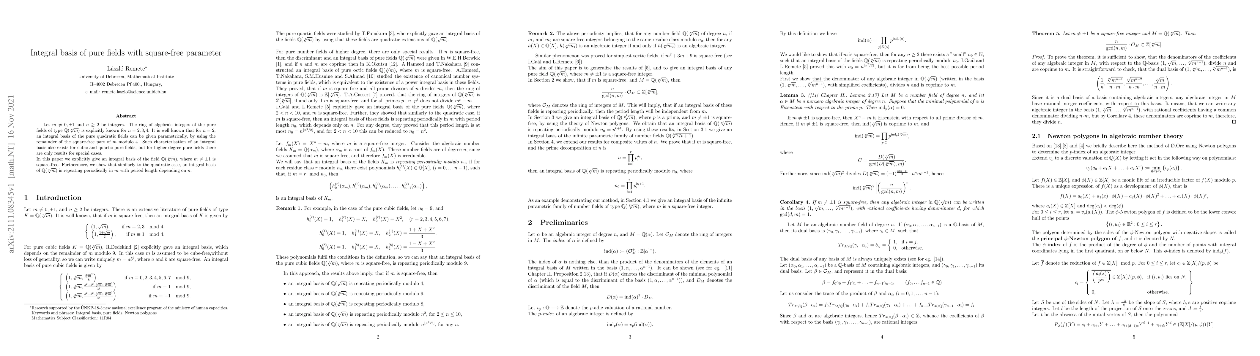 Researchers have found an explicit integral basis for pure fields of type $ ext{Q}( ext{√}[n]{m})$, where $m$ is square-free and $n ext{geq } 2$. The basis depends on the period length, which varies with $n$.
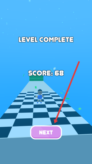 3、成功通關(guān)后,點(diǎn)擊界面底部紫色NEXT按鈕,結(jié)束當(dāng)前關(guān)卡,進(jìn)入下一關(guān),開啟新的方塊堆疊跑酷挑戰(zhàn)。
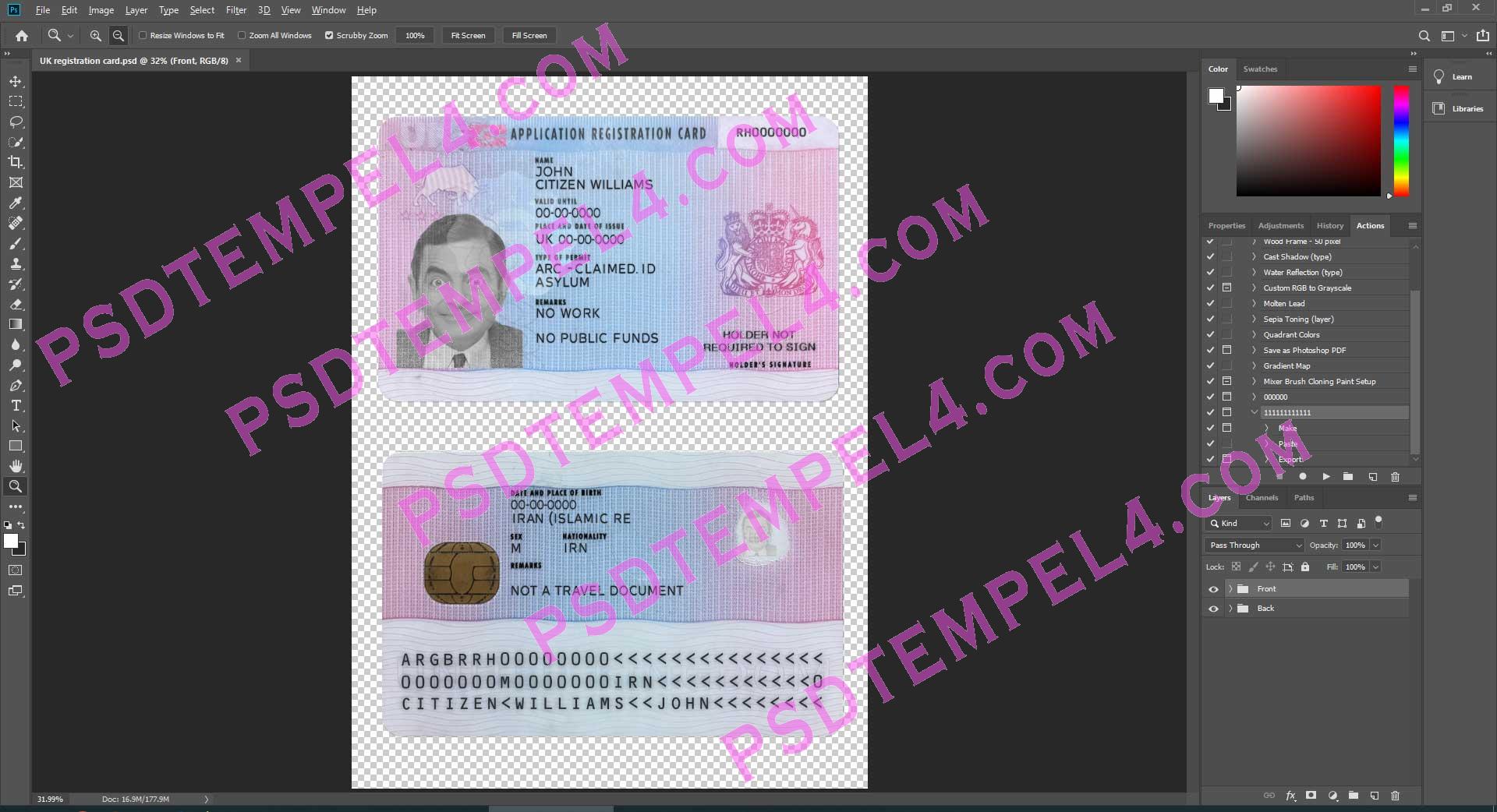 This is for to the registration card PSD File Photoshop Template Fully Editable of the UK United Kingdom. the UK United Kingdom national registration card PSD template has been made available to the public through the fake download shop in psd format and good price and high quality.
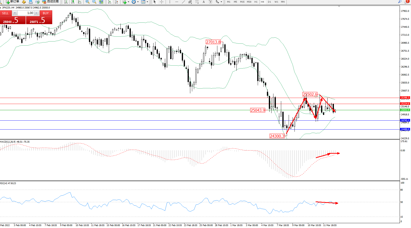 日经225指数3月14日(周一)收盘上涨152.72点,涨幅0.61%,报25315.50点。日本首相岸田文雄:物价飞涨将对日本经济产生影响。准备出台应对物价上涨的政策。没有考虑改变消费税。油价上涨开始影响日本经济。日本首相岸田文雄在国会委员会听证会上发言时表示,乌克兰局势和俄罗斯的行动表明,必须改革联合国安理会,建立新的世界秩序。
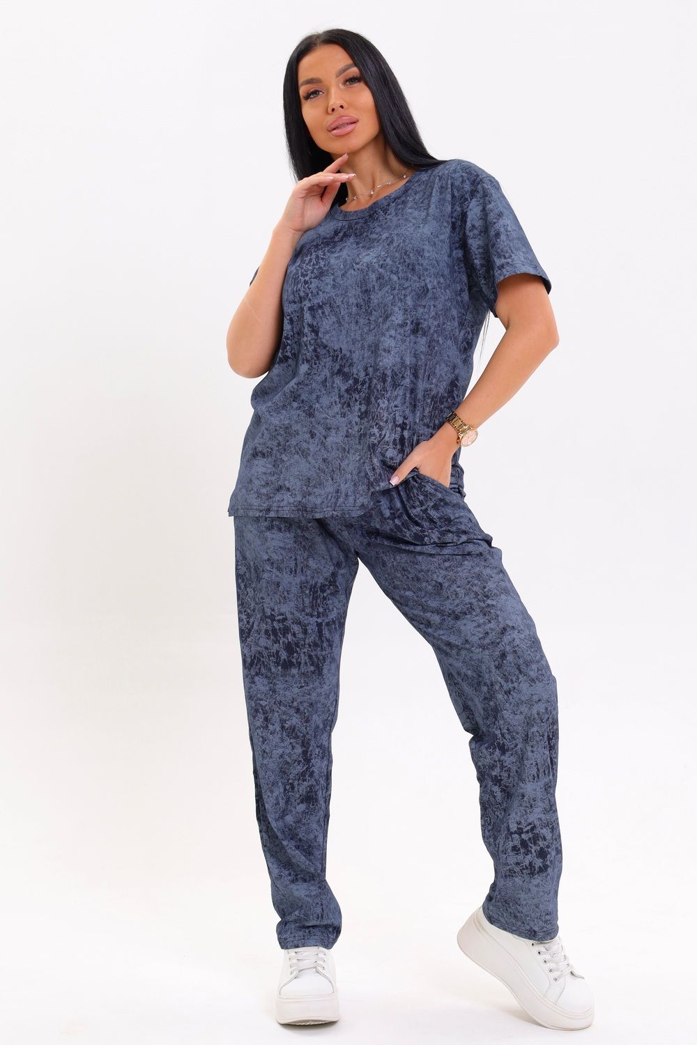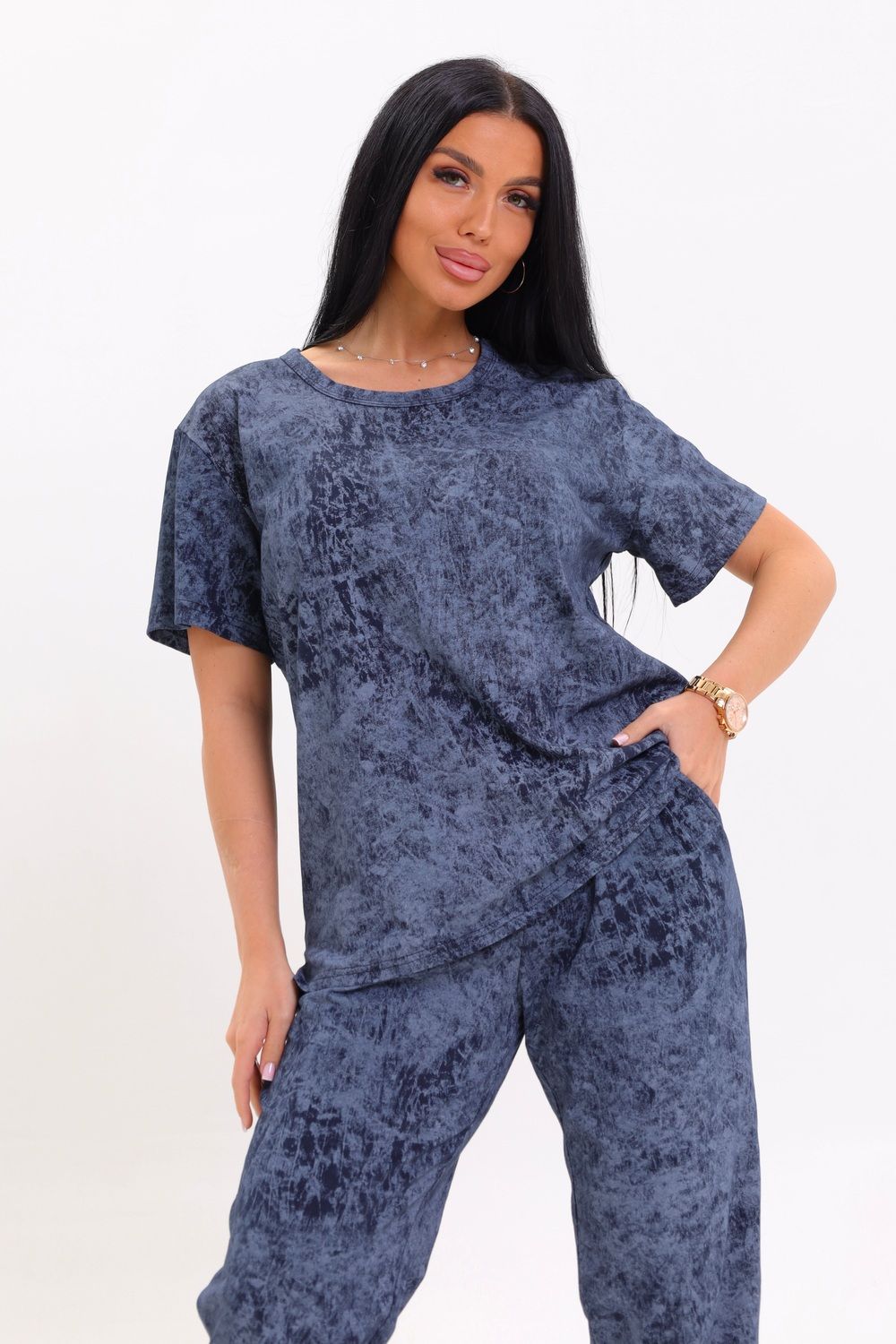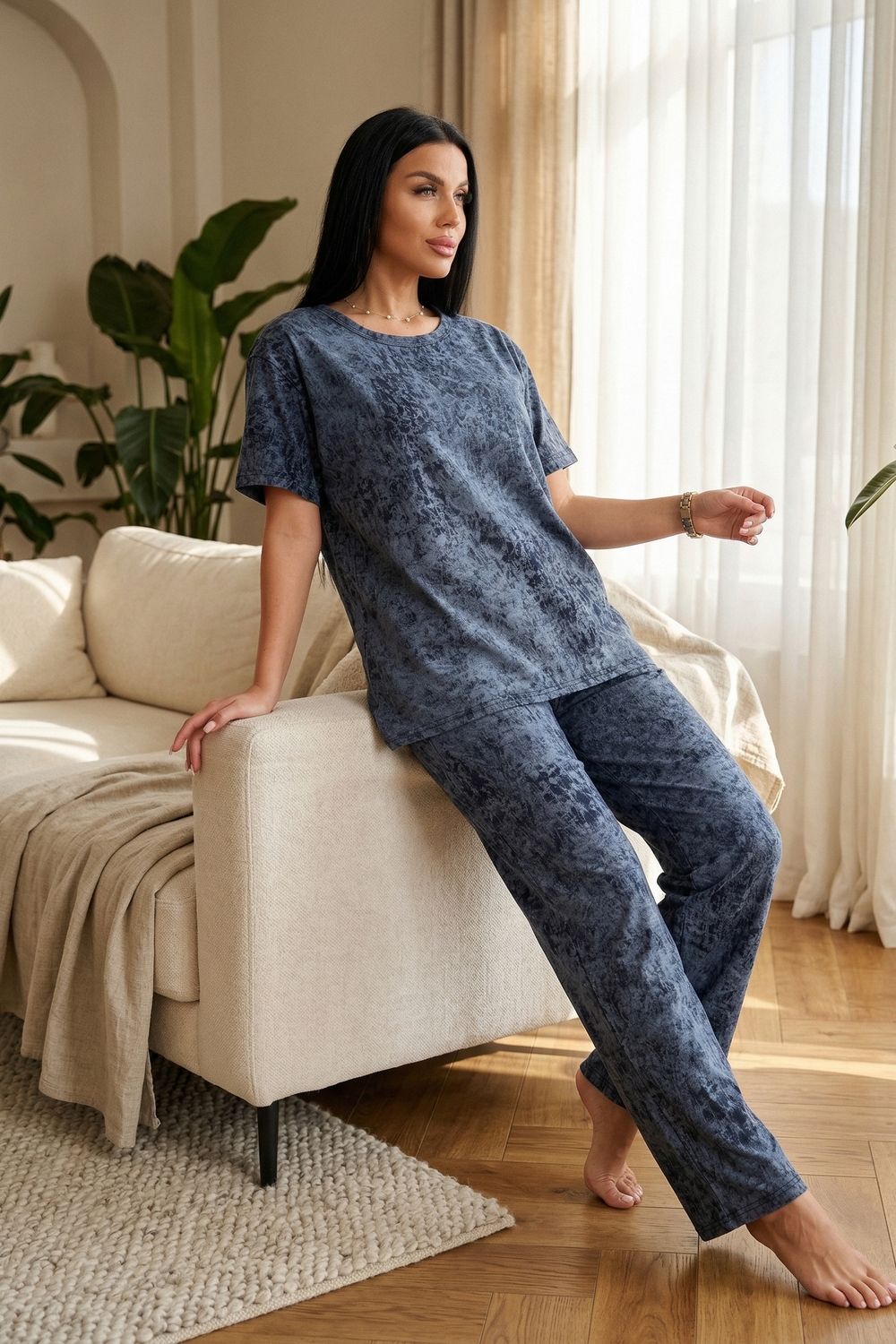 Домашний комплект выполнен из мягкой ткани с имитацией эффекта вареной текстуры, что придает изделию стильный и современный вид. Гладкая поверхность ткани приятна на ощупь, а свободный крой обеспечивает полную свободу движений. Верхняя часть представлена в виде классической футболки с коротким рукавом и круглым вырезом, что делает ее универсальной для ежедневной носки. Брюки имеют прямой силуэт, что позволяет легко сочетать их с разными элементами гардероба.
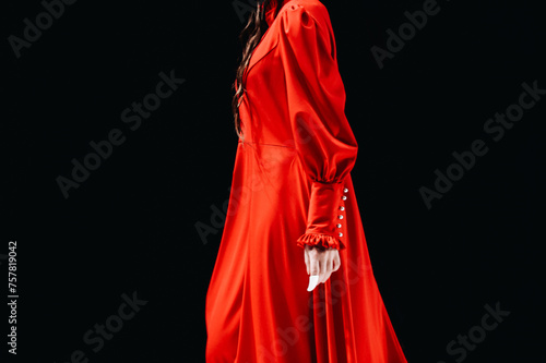 Fototapeta premium Details of a bright red long dress. Women's elegant fashion
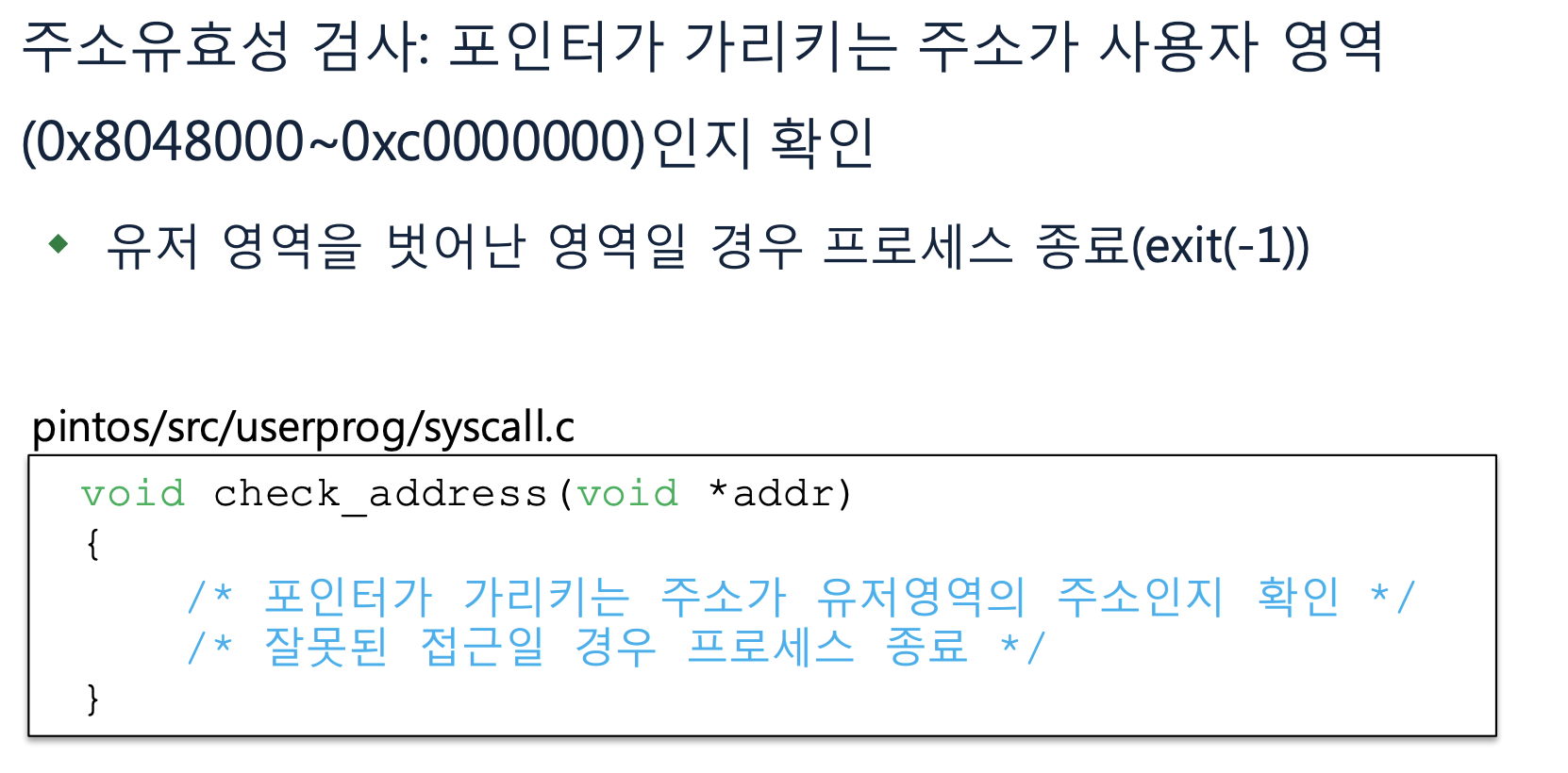 앞서 설명했듯, Gitbook에서 시스템 콜 과제 이전에 나오는 User memory access는 이후 시스템 콜 구현할 때 메모리에 접근할 텐데, 이때 접근하는 메모리 주소가 유저 영역인지 커널 영역인지를 체크하라는 과제이다. 이는 한양대 핀토스 pdf 시스템 콜 과제에 있는 check_address()에 해당하므로 이 함수부터 구현하고 시작한다.
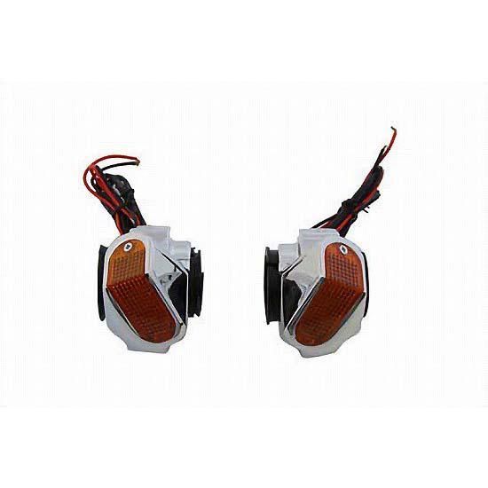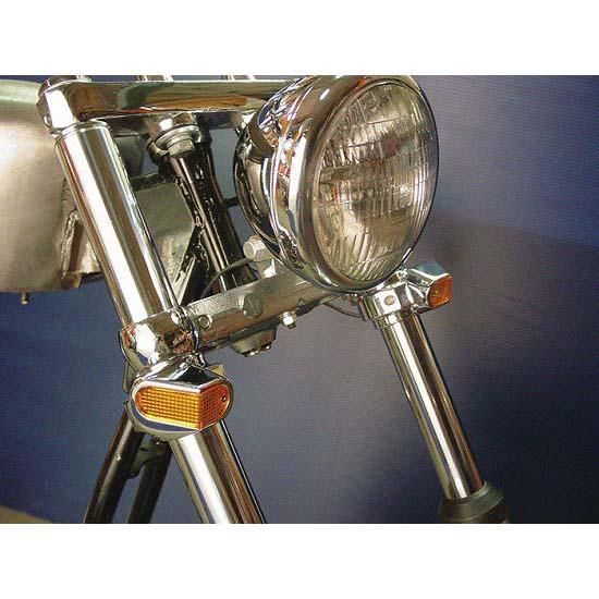 Side panel type fork mount marker lamp set with 12 volt 5 watt clear bulbs with amber wrap around lenses for 35, 39, and 41mm fork tubes.

================

#### [AIM OF THE EXERCISE]
Once you find the line that contains "Fototapeta premium Details", give it again along with every later line through the end of the data, word for word, minus the pictures.

#### [FINISHED TASK]
 Fototapeta premium Details of a bright red long dress. Women's elegant fashion
 앞서 설명했듯, Gitbook에서 시스템 콜 과제 이전에 나오는 User memory access는 이후 시스템 콜 구현할 때 메모리에 접근할 텐데, 이때 접근하는 메모리 주소가 유저 영역인지 커널 영역인지를 체크하라는 과제이다. 이는 한양대 핀토스 pdf 시스템 콜 과제에 있는 check_address()에 해당하므로 이 함수부터 구현하고 시작한다.
 Side panel type fork mount marker lamp set with 12 volt 5 watt clear bulbs with amber wrap around lenses for 35, 39, and 41mm fork tubes.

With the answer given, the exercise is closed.